In the first case the worker obtained a work permit to stay, in the second case the worker obtained a permit to stay of six months, convertible into a work permit only if, in those six months, he or she found an employment contract in one of the three above mentioned sectors.
Asylum seekers could access both type of procedures. However, the MoI Circulars provided that access to the second procedure was subject to the renunciation of the asylum application. Through the renunciation, to be formalized at the Questura, the asylum seeker could be admitted to the procedure as an irregular foreign citizen present in the national territory and obtain a residence permit for awaiting employment.

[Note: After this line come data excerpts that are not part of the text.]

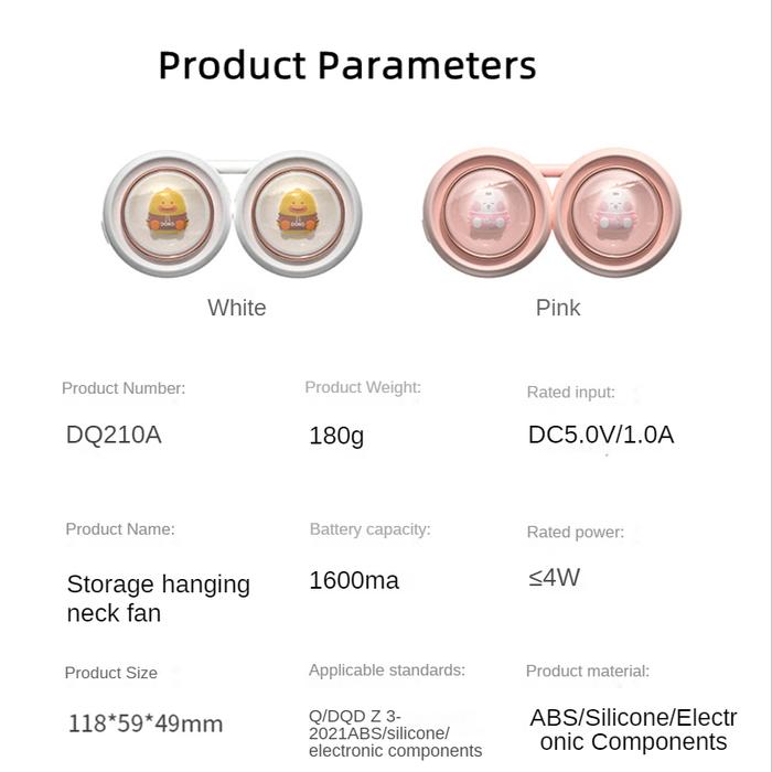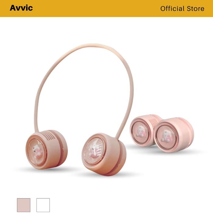 Avvic Kipas Angin Leher DQ210A Portable Cartoon Hanging Neck Fan Rechargeable Foldable Air Cooling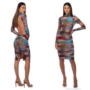 The AKIRA Label Mel Printed Open Back Midi Dress features a stretchy, mesh base fabrication, a vibrant, paint brush graphic print, mock neckline, long sleeves, midi length, and ruching down the sides and back. Complete with a form-flattering, bodycon fit, gorgeous open back, smooth inner lining, midi length, and buttoned back neck closure. Dress it up with stilettos for an effortlessly chic night out.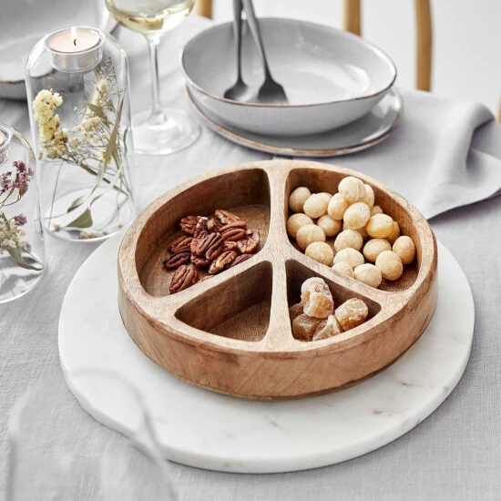 Chips, Nüsse und Cracker bringen Sie mit der Peace Snackschale formvollendet auf den Tisch. Die Schale aus Mangoholz lassen sich zum Aperitif oder zum Fernsehabend lecker füllen.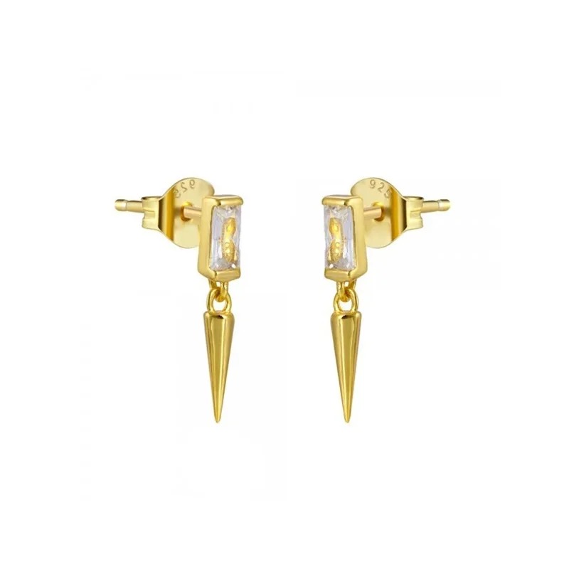 Voeg een stijlvolle touch toe aan je look met onze Cone Studs. Deze prachtige gouden oorbellen hebben een hangend kegeltje en zijn versierd met sprankelende zirkonia steentjes. Perfect voor elke dag of een speciale gelegenheid!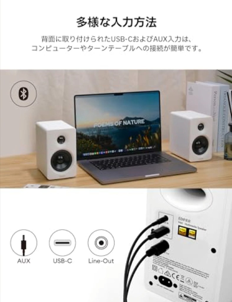 - 入力端子:USB-C、AUX(3.5mm)

The Civil Court of Florence observed that it was necessary to ascertain that the applicant had received correct information on the withdrawal of the application and its consequences, before accepting the renunciation of the asylum application and the closure of the court proceedings. 
The Regional Administrative Court of Marche stated that the responsible Questura could not declare the application inadmissible due to the applicant’s failure to renounce international protection. 
In total, only 230,000 persons applied for such regularization procedure.
Out of the 207,452 applications submitted in the first procedure, as of 2 November 2021, only 27,823 permits to stay were issued by the competent Questura, 13% of the total number of applications. The cases examined at the end of October were 78,897, about 38% of the total and the number of rejections was very high, equal to 11,405, meaning about 5% of the total cases examined. Among the rejected cases there were also cases of asylum seekers induced to renounce to the asylum application to access the regularization procedure.
As for the second procedure, out of 13,000 applications submitted, as of 2 November 2021, 10,000 workers had obtained the permit to stay.
The limited number of applications is due to the strict requirements, the limitation of employment sectors and to the fact that, for the first option, the application for regularization depended on the employer’s initiative.
 Article 22(1) Reception Decree.
 Article 22(2) Reception Decree.
 CJEU decision, joined cases C322/19 and C385/19, 14 January 2021.
 Article 22-bis(3) Reception Decree, as amended by Article 12 Decree Law 113/2018 and L 132/2018 now only refers to beneficiaries of international protection, no longer to asylum seekers.
 Article 103 DL 34/2020 converted with amendments by L. 77/2020.
 Article 103 (2) DL 34/2020.
 Moi Circular of 19 June 2020; Moi Circular of 7 July 2020.
 Civil Court of Florence, intermim decision of 25 September 2020, available at: https://bit.ly/3up8TX6.
 Update from Ero Straniero, 25 November 2021.